Whisperers by J.H. Brennan
I’ve been a believer in the “spirit world” since I was a little girl. My mom would tell me stories of the first house I lived in (the one where she grew up), and the supernatural activity that took place there. My father, a true skeptic, had to reluctantly concede that there was definitely something a little off about the house. My belief was made stronger when I had my own run-in with a “ghost” as a pre-teen, and I’ve become fascinated with hearing stories of other people’s experiences.
J.H. Brennan’s exploration of the spirit world in Whisperers takes readers through pretty much all of human history and examines if and how spirits have played a role in civilizations and their leaders. He not only discusses spirits, but other supernatural happenings, like visions through Shamans and prophets. With this wide range, he managed to cover a lot of key people and events in history.

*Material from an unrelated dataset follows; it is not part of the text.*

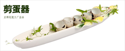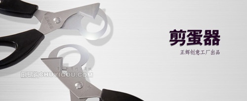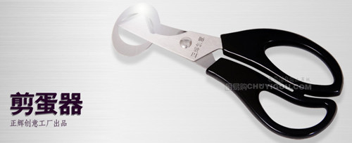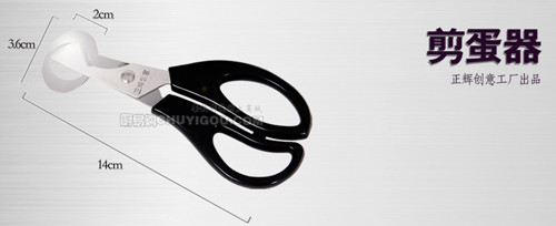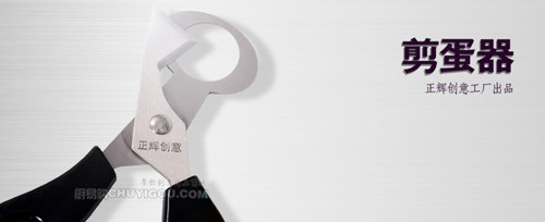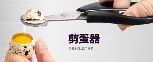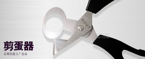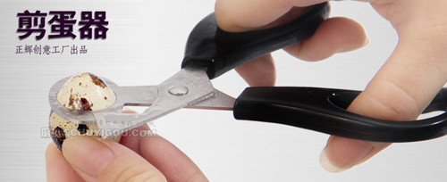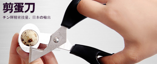 先把鸽蛋或鹌鹑蛋之类的小型蛋由剪蛋器下方放入到剪蛋器的圆环内,左手拿住鹌鹑蛋的下部,向上用力顶住,右手拿住剪蛋器握把,把左侧刀片的尖头顶住鹌鹑蛋的侧面中心,然后用力剪下去,即可迅速地把蛋壳上端剪下,剪切口非常光滑平整,没有碎壳掉入蛋中。

Some of these people are well known, like Nostradamus and Joan of Arc, but others are more obscure, yet still relevant in how their beliefs shaped the landscape of civilization. Brennan doesn’t limit his study to ancient events, either. More “modern” historical figures, like Rasputin and Hitler, are examined as well.

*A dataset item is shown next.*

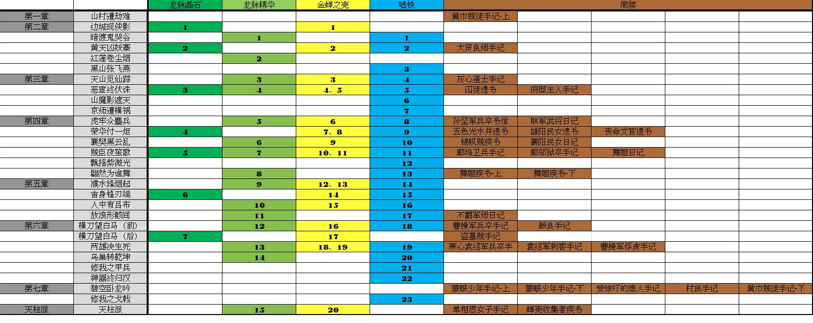 药到病除 已将龙愈之壶的次数和效果强化至上限。 单周目共计7个龙脉晶石,15个龙脉精华。上限为10瓶药,效果+15。 多以牙旗位置为参考,尽量多的信息描述。 龙脉晶石: 编号 副本 描述 图片 1 第二章 边城现侠影 打完第一个boss后,进入房间即可看到
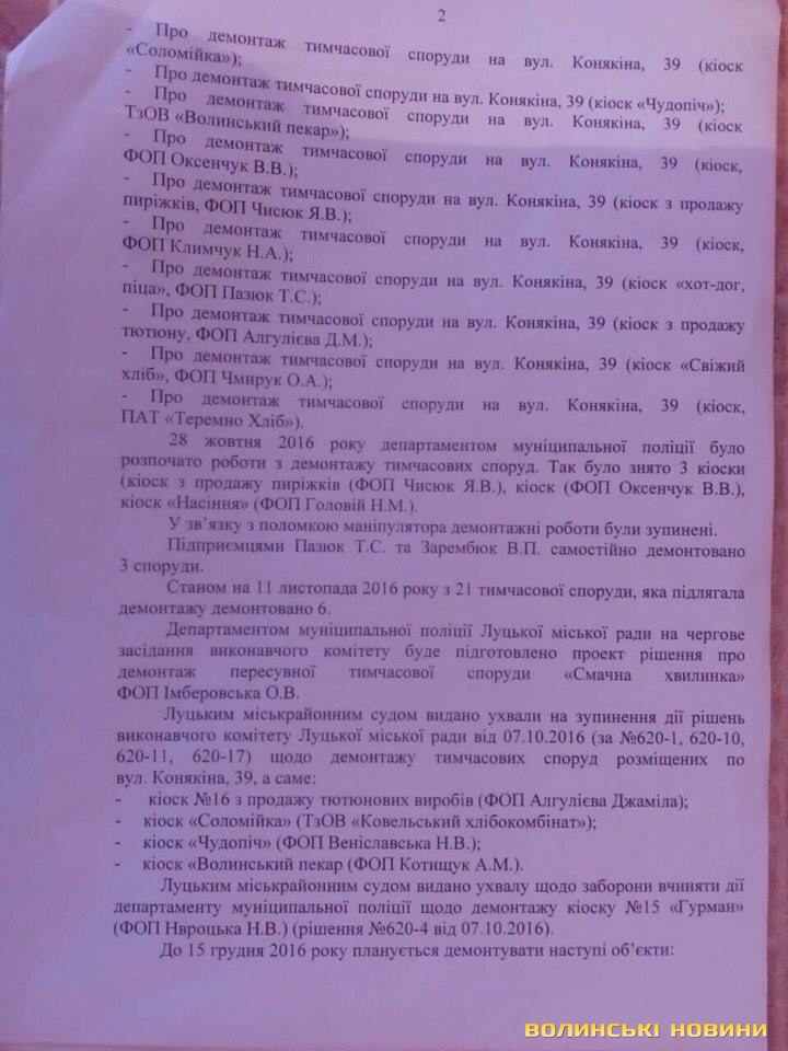 Відтак 28 жовтня луцькі муніципали розпочали роботи з демонтажу вказаних тимчасових споруд. Станом на 11 листопада 2016 року з 21 споруди було демонтовано 6.

For me, though, the most interesting part of the book was when Brennan talked about his own personal experiences with the spirit world, and examined the Grey Lady phenomenon, which are the most common forms of ghost encounters.
While a lot of the book read a little sluggish to me, almost like I was digging my way through a textbook, it picked up when it got to the later chapters and my interest level increased. However, anyone who is a believer in spirits and wants to learn more historical information about the role they’ve played will definitely find this an informative read. Skeptics of spirits may not necessarily be swayed to begin believing, but they will definitely walk away from the book having learned something.